In the midst of a focused study session, you’re distracted by an email notification from your phone. Can’t hurt to take a quick glance, right? But when you return to your studies, something has changed. You feel foggy, the words on the page blur. You find that you can’t seem to focus on the book in front of you. What happened?
”Bad at Focusing”? You’re Probably Leaking Attention.
Sophie Leroy, a business professor at the University of Minnesota, discovered something troubling about how we switch tasks. In her 2009 research paper “Why Is It So Hard to Do My Work?”, she found that when you move between tasks, your attention doesn’t follow cleanly.
Part of your mind stays stuck on the first task. Leroy calls this attention residue.
Cal Newport explains it in Deep Work: “When you switch from some Task A to another Task B, your attention doesn’t immediately follow—a residue of your attention remains stuck thinking about the original task.” The “residue” is worse if you left Task A unfinished or were doing low-intensity work.
“People experiencing attention residue after switching tasks are likely to demonstrate poor performance on that next task.” The more residue, the worse you perform.
Why This Matters for Students
Every time you check your phone while studying, you create residue. Every tab switch. Every “quick” email check. You’re operating at a fraction of your capacity without realizing it.
The urge to switch is even stronger for students with ADHD. With every diversion of your attention, the residue builds faster. Though you have studied for hours, you may find that you’ve actually retained little to nothing.
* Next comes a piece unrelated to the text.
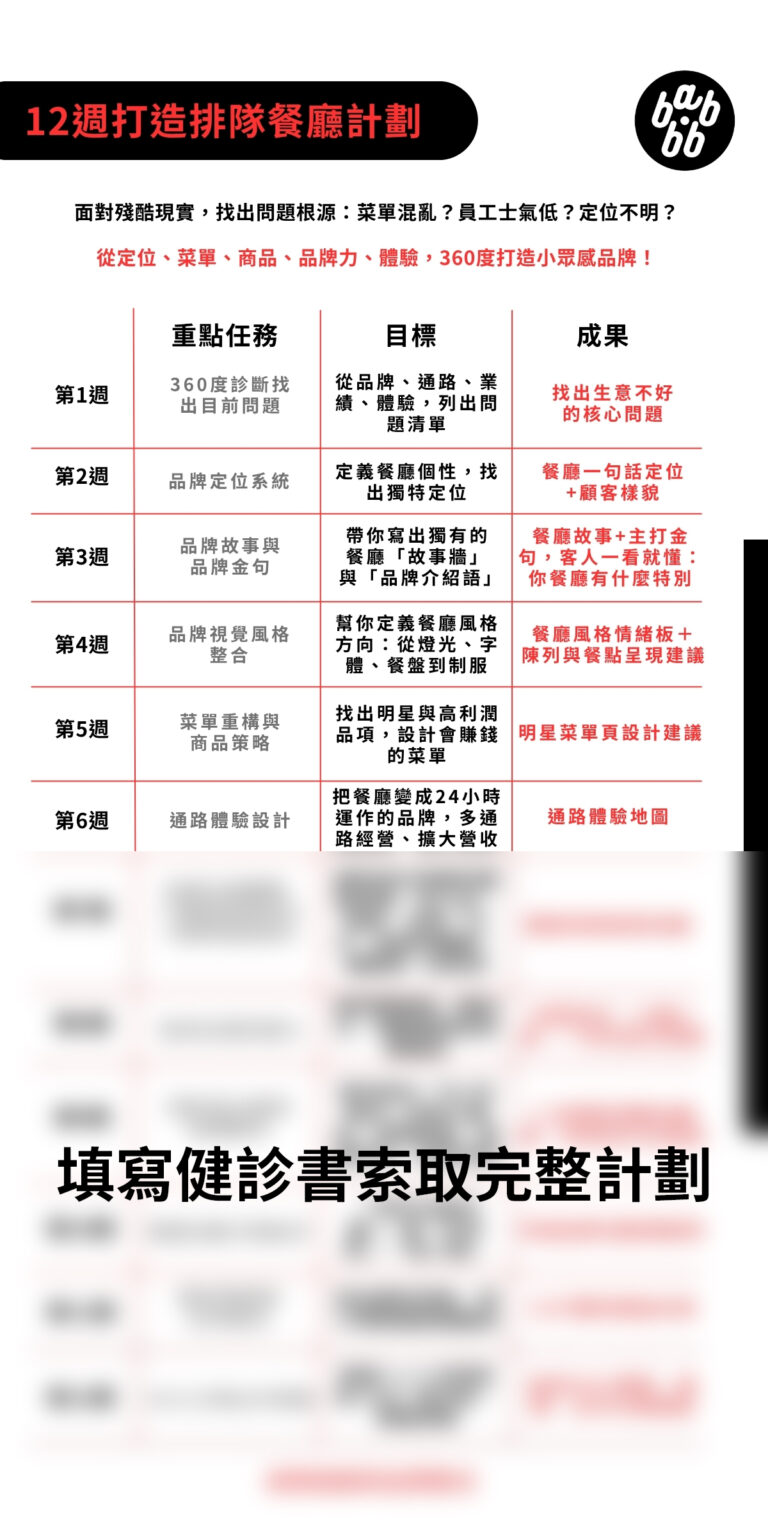 12週品牌教練陪跑計畫 創業很辛苦,別再獨自硬撐。給自己一個機會,跳脱困境,讓 Chizup! 品牌創辦人 路易老闆當你的教練,帶你找出卡關盲點、打造真正獲利的小眾感品牌。預約專屬陪跑名額,趕快讓品牌開始賺錢。 12 週打造電商品牌教練計劃 [創始合作優惠價,限開放5個名額]是不是覺得品牌卡在瓶頸: 商品沒風格、內容沒人看、定價太高、廣告沒轉單? 這個教練計劃會幫你用 12 週建立完整系統: 從品牌定位 → 內容策略 → 廣告轉化 → KOC 合作 找回初衷,重新打造讓人想買、記得住的品牌每週陪跑顧問會議 + LINE 即時討論 12 週打造排隊餐廳品牌教練計劃 [創始合作優惠價,限開放5個名額]你是不是也覺得: 菜單太亂、客人不記得品牌、員工氣氛低迷、店裡看起來沒有特色? 這個教練計劃會幫你從「定位、菜單、品牌、體驗」 一次打造能讓顧客記住的餐廳!每週陪跑顧問會議 + LINE 即時討論 Why Choose 路易老闆? 路易老闆過去不只在行銷、廣告公司、品牌方有十多年服務經驗,更在 2015年創立 chizup! 甜點品牌的成功經驗,透過全方位的打造品牌和商業策略指導與資源分享,幫助已有商品或服務的餐飲中小企業,打造出獨特且會賺錢的生意。如果你缺乏方向,找不到卡關的問題,讓 Chizup 創辦人路易老闆 親自陪跑,協助你突破品牌困境,實現品牌目標!用行為經濟學拆解消費者心理,幫你精準抓住顧客痛點,用創意打造最有效的行銷策略。 預約諮詢流程 子彈品牌診斷 1. 填寫品牌子彈健診書2.Line@ 聯繫3.安排諮詢會議 路易老闆的Line@

How to Reduce Attention Residue
Work in longer, uninterrupted blocks. Newport found that top performers “work for extended periods with full concentration on a single task free from distraction.” Even 25-minute blocks help.
Finish tasks before switching. Residue is thickest when you leave something incomplete. Close the loop, even if it’s just writing the phrase “pick up here” for later.
Batch your distractions. Check email once per hour, instead of every five minutes. Fewer checks = less residue left behind.
Change input modes. If reading allows for too many distractions to creep in, try listening instead. It’s harder to tab-switch when you’re walking with headphones on.
The Bottom Line
Every task switch takes a bit of your focus away, and that left-behind “residue” can tank your performance. Protect your attention by working in longer blocks, finishing before switching, and removing visual triggers.